§ **Material to process**:
Content starts

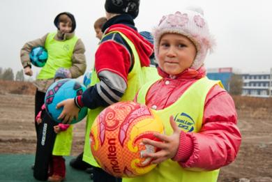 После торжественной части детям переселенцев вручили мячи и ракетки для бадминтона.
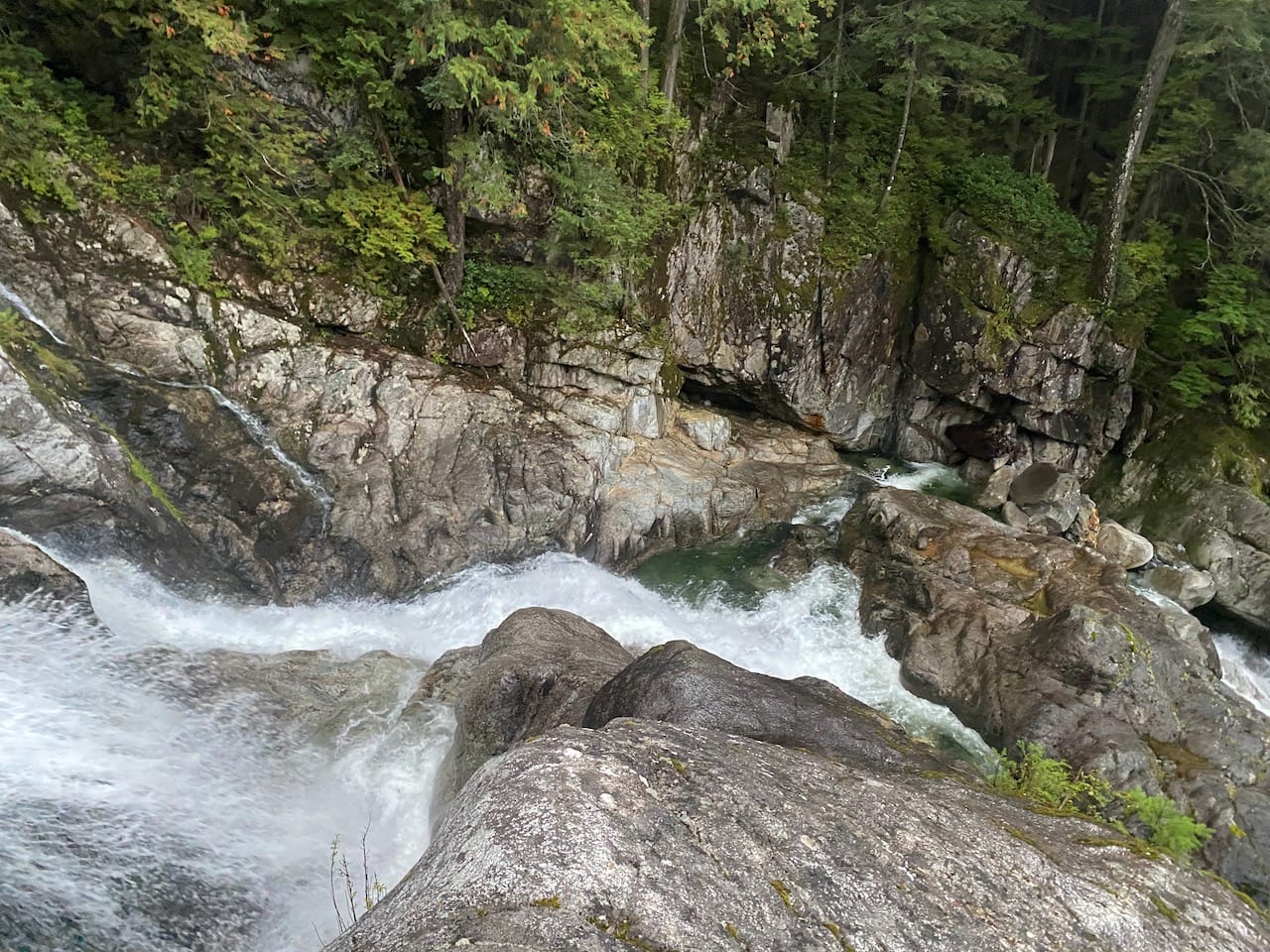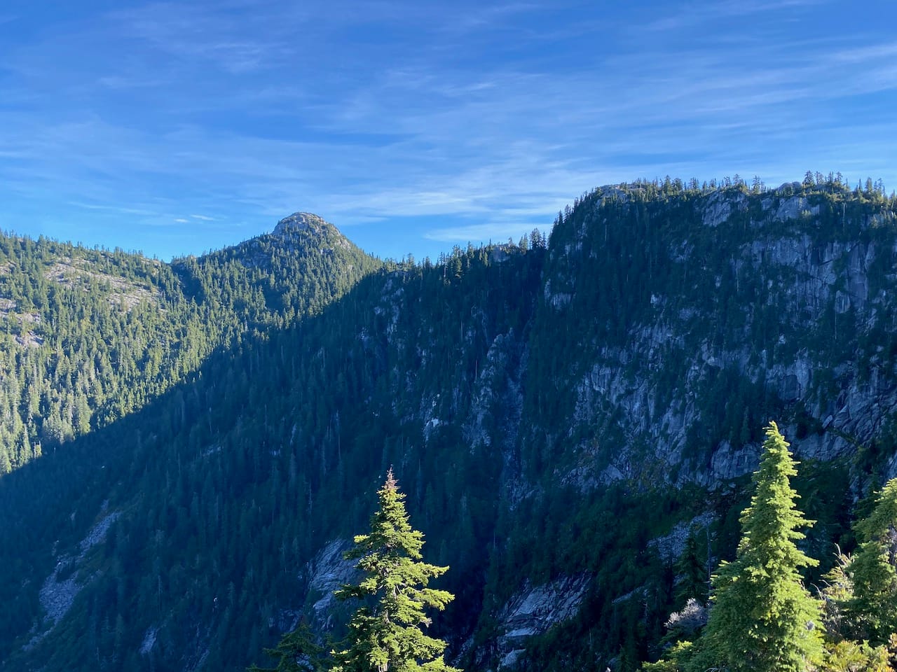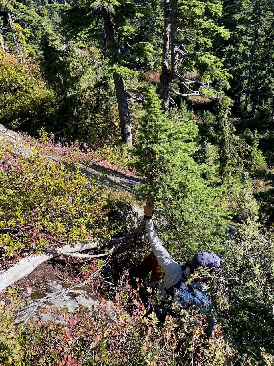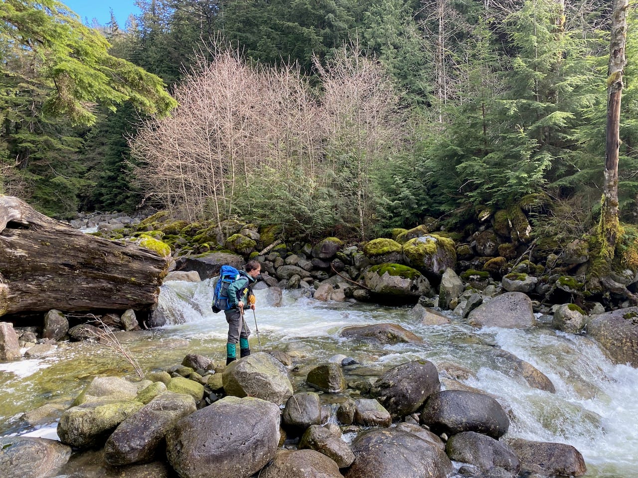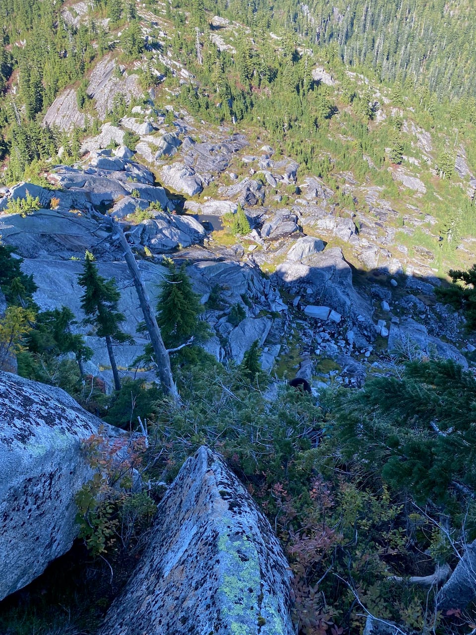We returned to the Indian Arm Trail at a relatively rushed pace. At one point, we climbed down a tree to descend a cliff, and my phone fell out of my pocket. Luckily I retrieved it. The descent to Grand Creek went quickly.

Content ends
Content starts

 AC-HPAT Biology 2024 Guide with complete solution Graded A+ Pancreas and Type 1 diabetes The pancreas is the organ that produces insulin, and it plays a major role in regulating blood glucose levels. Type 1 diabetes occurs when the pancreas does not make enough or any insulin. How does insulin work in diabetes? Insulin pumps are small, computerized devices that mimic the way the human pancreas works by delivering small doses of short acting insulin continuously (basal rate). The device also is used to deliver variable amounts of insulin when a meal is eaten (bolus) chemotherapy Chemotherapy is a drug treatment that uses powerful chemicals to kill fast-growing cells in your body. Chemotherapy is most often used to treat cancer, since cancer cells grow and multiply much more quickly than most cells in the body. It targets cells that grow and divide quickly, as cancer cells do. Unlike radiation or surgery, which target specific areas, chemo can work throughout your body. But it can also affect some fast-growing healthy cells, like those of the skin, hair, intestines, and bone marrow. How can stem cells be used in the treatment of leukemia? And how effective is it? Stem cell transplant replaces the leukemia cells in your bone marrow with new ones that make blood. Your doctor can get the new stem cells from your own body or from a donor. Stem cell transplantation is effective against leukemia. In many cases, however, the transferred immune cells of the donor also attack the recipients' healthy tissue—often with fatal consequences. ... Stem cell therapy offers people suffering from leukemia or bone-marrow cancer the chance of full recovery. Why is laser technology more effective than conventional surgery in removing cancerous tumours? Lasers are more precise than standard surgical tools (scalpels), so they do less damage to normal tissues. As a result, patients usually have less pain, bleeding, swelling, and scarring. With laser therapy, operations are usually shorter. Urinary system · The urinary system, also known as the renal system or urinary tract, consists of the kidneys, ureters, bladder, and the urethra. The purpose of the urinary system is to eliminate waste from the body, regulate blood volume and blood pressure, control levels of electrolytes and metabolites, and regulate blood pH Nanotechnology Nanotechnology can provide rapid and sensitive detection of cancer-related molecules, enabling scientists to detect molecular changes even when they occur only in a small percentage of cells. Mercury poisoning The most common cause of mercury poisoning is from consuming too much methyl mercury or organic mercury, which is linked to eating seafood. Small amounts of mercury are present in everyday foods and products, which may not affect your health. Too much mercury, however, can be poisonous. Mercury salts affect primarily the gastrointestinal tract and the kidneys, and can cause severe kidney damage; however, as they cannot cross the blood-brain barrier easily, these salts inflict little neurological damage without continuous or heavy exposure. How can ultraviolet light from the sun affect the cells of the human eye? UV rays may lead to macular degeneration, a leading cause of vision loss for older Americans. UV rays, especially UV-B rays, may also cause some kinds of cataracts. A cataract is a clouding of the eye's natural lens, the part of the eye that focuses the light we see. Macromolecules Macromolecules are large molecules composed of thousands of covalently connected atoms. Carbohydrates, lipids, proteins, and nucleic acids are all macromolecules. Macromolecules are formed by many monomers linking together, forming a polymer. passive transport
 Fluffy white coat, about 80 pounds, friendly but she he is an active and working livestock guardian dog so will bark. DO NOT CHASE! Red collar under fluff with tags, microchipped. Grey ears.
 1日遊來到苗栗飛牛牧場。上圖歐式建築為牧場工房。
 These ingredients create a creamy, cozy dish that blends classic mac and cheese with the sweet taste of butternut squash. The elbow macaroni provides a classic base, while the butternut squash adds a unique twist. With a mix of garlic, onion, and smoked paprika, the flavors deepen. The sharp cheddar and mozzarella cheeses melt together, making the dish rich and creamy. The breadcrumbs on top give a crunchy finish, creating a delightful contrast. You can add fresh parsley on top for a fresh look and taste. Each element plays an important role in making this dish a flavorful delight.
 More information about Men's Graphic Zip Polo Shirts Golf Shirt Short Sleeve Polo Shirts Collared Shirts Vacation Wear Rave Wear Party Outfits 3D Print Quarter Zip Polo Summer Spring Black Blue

Content ends

Everything above from the line containing "После торжественной части" through the line containing "We returned to" must be repeated exactly, and the pictures must be left out.

 После торжественной части детям переселенцев вручили мячи и ракетки для бадминтона.
We returned to the Indian Arm Trail at a relatively rushed pace. At one point, we climbed down a tree to descend a cliff, and my phone fell out of my pocket. Luckily I retrieved it. The descent to Grand Creek went quickly.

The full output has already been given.